Tavoli di lavoro, percorsi di formazione esclusivi e qualcuno già prevede affiancamenti e compensi fissi per aiutare i più giovani nell’avviamento professionale. Il mondo della consulenza finanziaria sembra finalmente muovere passi concreti in direzione del ricambio generazionale, vero tasto dolente di una professione che a oggi conta un’età media di 51 anni. Il vero problema, concordano in molti, sono i primi passi. La professione, per com’è stata strutturata fino a oggi, oppone barriere d’ingresso per chi deve partire da zero e non eredita un portafoglio clienti da un genitore. Questo tuttora fa allontanare molti giovani talenti, che scelgono di rivolgere le proprie ambizioni ad altri campi. Ora, però, da Assoreti ad Anasf, il tema del ricambio generazionale ricorre sempre più spesso nei vari convegni di settore, tanto da portare queste due realtà istituzionali ad allearsi con l’apertura di un tavolo di lavoro che punta a produrre iniziative concrete entro la fine di quest’anno. BLUERATING, dal canto suo, ha interpellato autorevoli esponenti dell’industria, per capire cosa effettivamente è già stato messo in campo per poter dare un futuro promettente alla professione.

Intervendo di Ferdinando Rebecchi, Responsabile BNL-BNP Paribas Life Banker.

È da quando ho mosso i primi passi in questo mercato che sento parlare di questo tema, mentre l’età media dei C.F. aumenta.

Per fare ciò, occorre avere una visione di lungo termine, impegnandosi da un punto di vista economico ed organizzativo, prendendosi anche il rischio di abbandono dei giovani su cui si investe.

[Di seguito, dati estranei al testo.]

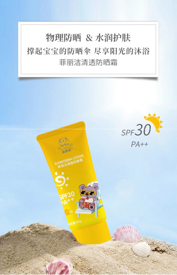你知道嗎?長時間日曬對寶寶肌膚的損害非常大,水分流失、發(fā)紅干燥、發(fā)癢刺痛、曬黑曬傷。菲麗潔兒童清透物理防曬霜物理防曬&水潤護膚,撐起寶寶的防曬傘盡享陽光的沐浴。菲麗潔兒童清透物理防...
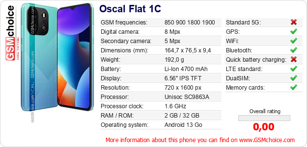Do you have your website? Do you want to insert information about basic phone data of Oscal Flat 1C somewhere? It is very easy. You can download the picture, or copy and paste the code below on the page:Pasting this code will display the following image:
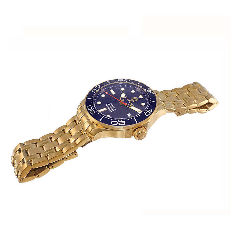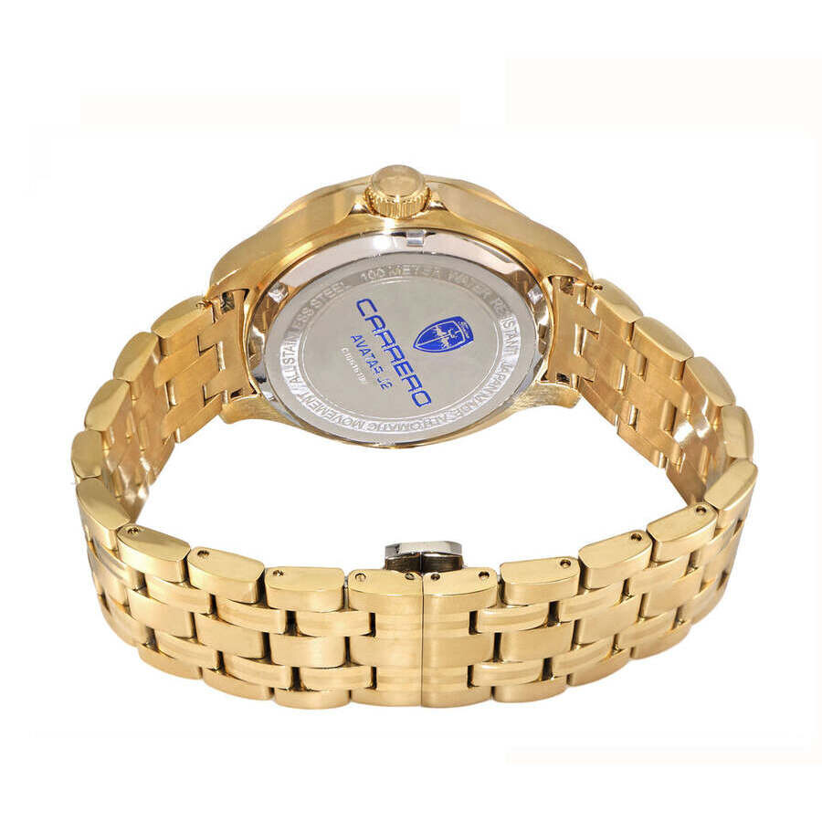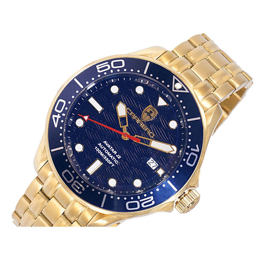Torino Carrero Men's Avatar Automatic NH35 - 24 JEWELS, Blue Date Dial, Gold tone. Yellow gold-tone stainless steel case and bracelet. Uni-directional rotating blue stainless steel bezel. Blue dial with yellow gold-tone hands and Arabic numeral & index hour markers. Minute markers around the outer rim. Dial Type: Analog. Luminescent hands and markers. Date display at the 3 o'clock position. TMI Caliber NH35 Automatic movement, containing 24 Jewels, bitting at 21600 vph, and has a power reserve of approximately 41 hours. Scratch resistant mineral crystal. Screw down crown. Solid case back. Round case shape, case size: 44.5 mm, case thickness: 15 mm. Band width: 22 mm, band length: 7.25 inches. Deployment with push button release clasp. Water resistant at 100 meters / 330 feet. Functions: date, hour, minute, second. Avatar Series. Casual watch style. Watch label: Japan Movt. Torino Carrero Avatar Automatic Blue Dial Men's Watch C1G6161BUJ.
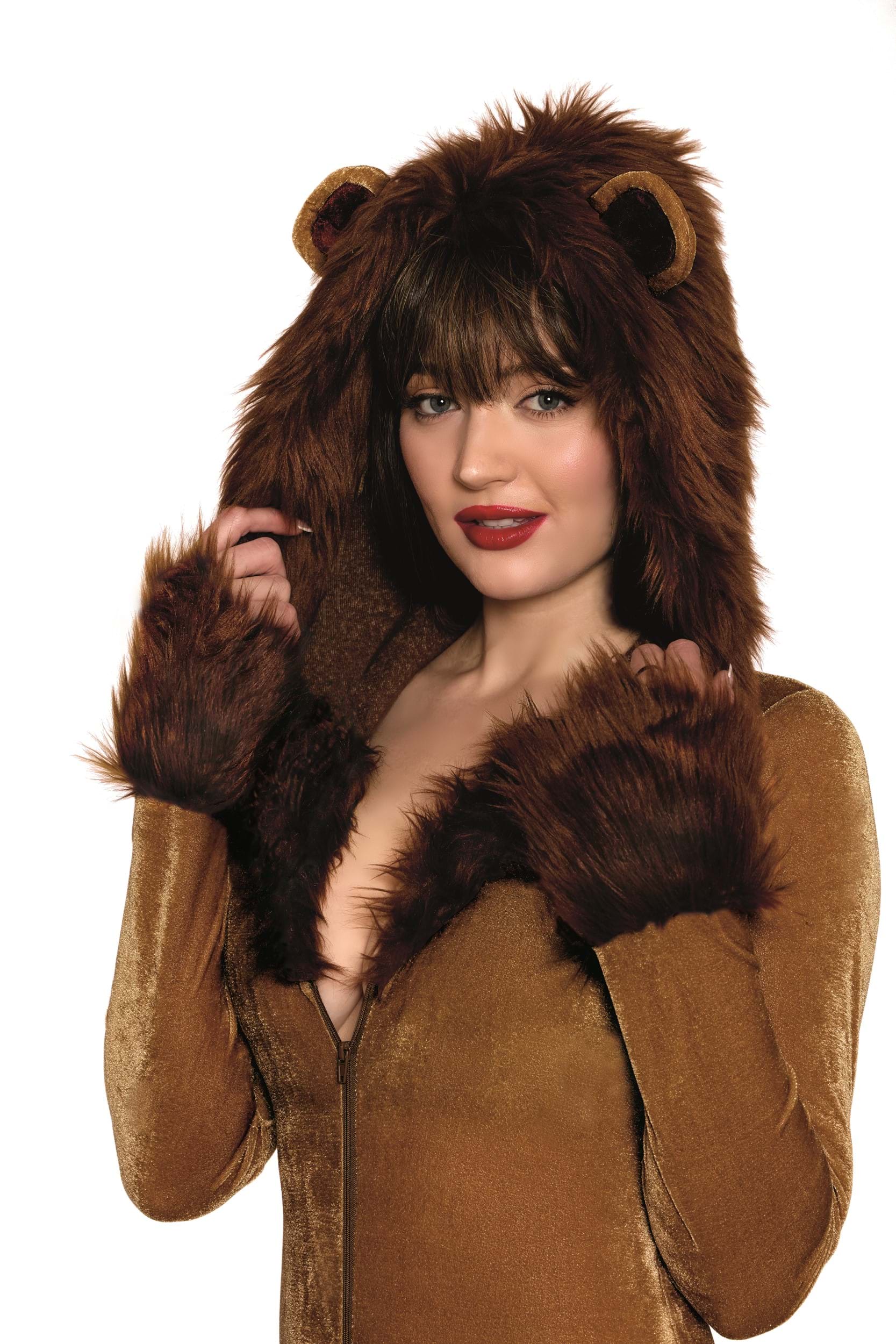 - Attached hood has faux fur and foam backed velvet ears sewn on the top
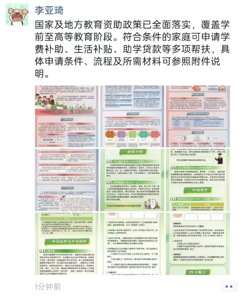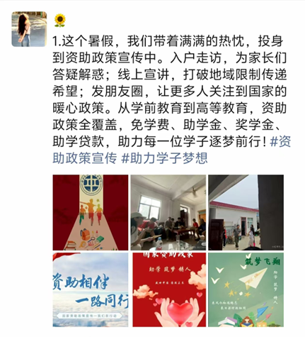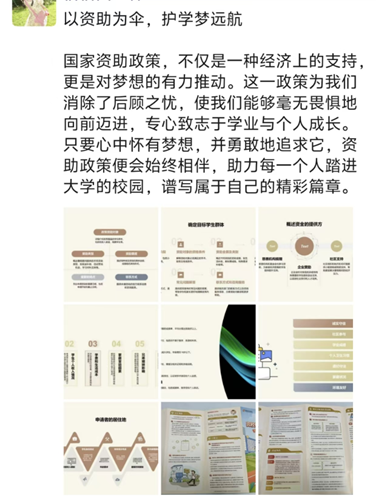 同学们充分发挥“朋友圈”的传播优势,制作政策要点图文,在微信等平台发布,内容涵盖资助政策干货、申请流程图解等。
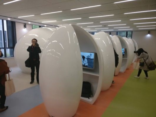 而在二樓,還有一個區(qū)域?qū)iT擺放了一個個“太空艙”。這一名為視聽艙的設(shè)備配有觸摸屏,學(xué)生可以多人或單人在里面看視頻,聽音樂。館方希望能為學(xué)生提供更多休閑的空間。
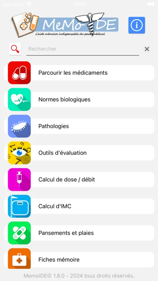 MemoIDE est une application qui vous apporte de manière rapide tout ce que vous devez savoir concernant vos traitement, bilans et autres pratiques médicales avec:
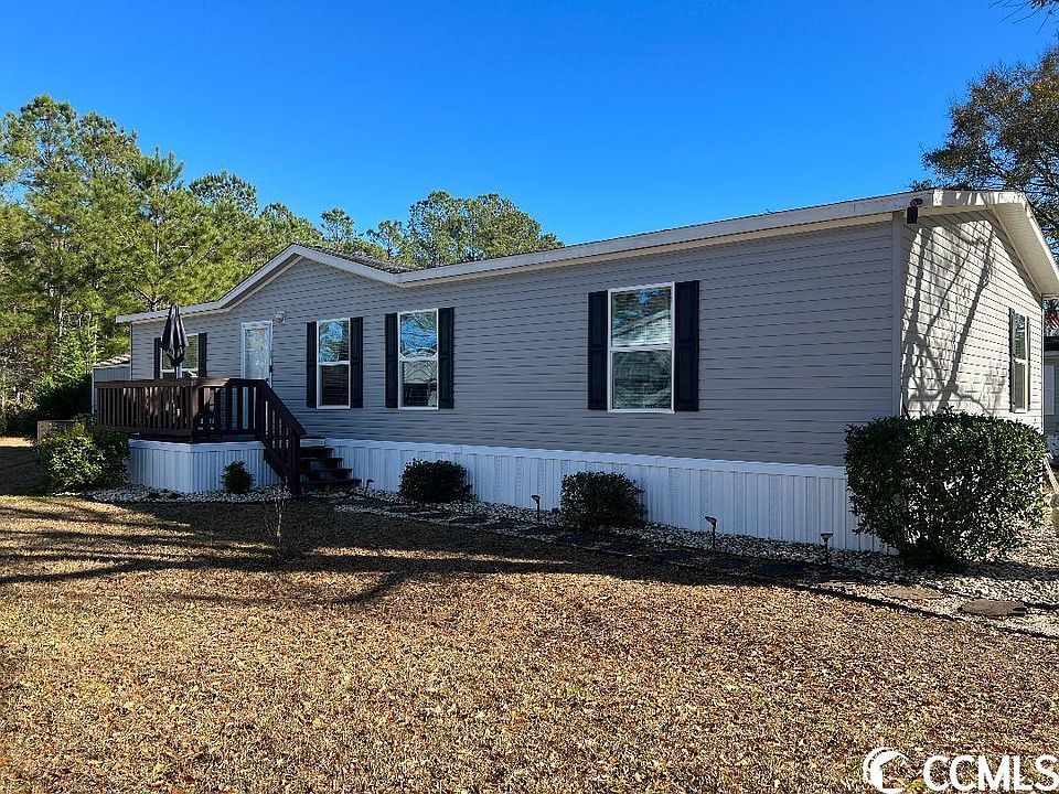 Lovely and well cared for three bedroom, two bath home at Folly Estates. Open and spacious floor plan in this 2015 Clayton model home. Add a nice, quiet neighborhood with friendly neighbors and you can't ask for much more. But there is more! This home features a large kitchen with plenty of storage space, range hood, and center island/breakfast bar. This is a great kitchen for meal prep and entertaining. Crown molding and chair railing in the kitchen, living room, and dining area. Living room is roomy enough for a large TV and plenty of space for your furnishings. The three bedrooms all feature walk-in closets, and the master comfortably fits a king size bed with plenty of room to spare. Master bath has a double sink, shower and tub. There are two additional bedrooms that are a nice size for guests or family. Carpet was upgraded in 2018, and this home features tilt windows. This home also features a large washer/dryer room, whole house ventilation, and generator hook-up with generator conveys. Outside has a large gazebo and storage with electric installed. There are plenty of landscaping accents on this nice size lot that backs to the woods. This home is close to schools, medical care, shopping, entertainment and the airport. Great home, great price, call me today.
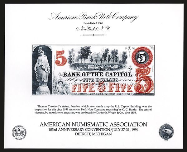 ABNC. Featuring Bank of the Capitol, Lansing, Michigan. 5 Dollar. As made. 150 pieces.

I manager poi non sempre giudicano economico spendere tempo nell’affiancamento, “sporcando” le statistiche sulla produzione e la raccolta media pro capite.

Bisogna crederci. In BNL-BNP Paribas Life Banker abbiamo da subito puntato su un Consulente che potesse occuparsi di tutto il patrimonio del Cliente (sia privato che aziendale) attraverso figure Senior (banker affermati reclutati dal mercato) e Junior (giovani neo laureati).

Nel corso di questi 6 anni e mezzo dal lancio della Rete, abbiamo formato e supportato 105 Junior e di questi ben 60 sono oggi Life Banker per la maggior parte affermati e con portafogli di tutto rispetto.

Abbiamo la % più alta di C.F. con meno di 30 anni, pur con masse medie pro capite (raccolta più impiego) allineate alle migliori medie di mercato.

Crediamo nel futuro di questa professione e bisogna quindi investire nelle nuove generazioni.

I nostri Junior possono sin da subito rivolgersi a privati e aziende, proponendo soluzioni bancarie, finanziarie e assicurative.

Continueremo anche nel 2021 a selezionare giovani neo laureati (ad oggi già valutati oltre 3.000 curricula) offrendo loro formazione; minimi provvigionali garantiti mensili per i primi 2 anni; provvigioni ai massimi livelli di mercato su raccolta, impiego, assicurazione vita e danni e sui servizi del Gruppo BNP Paribas; affiancamento sul campo. Obiettivo 2021: almeno altri 35 Junior.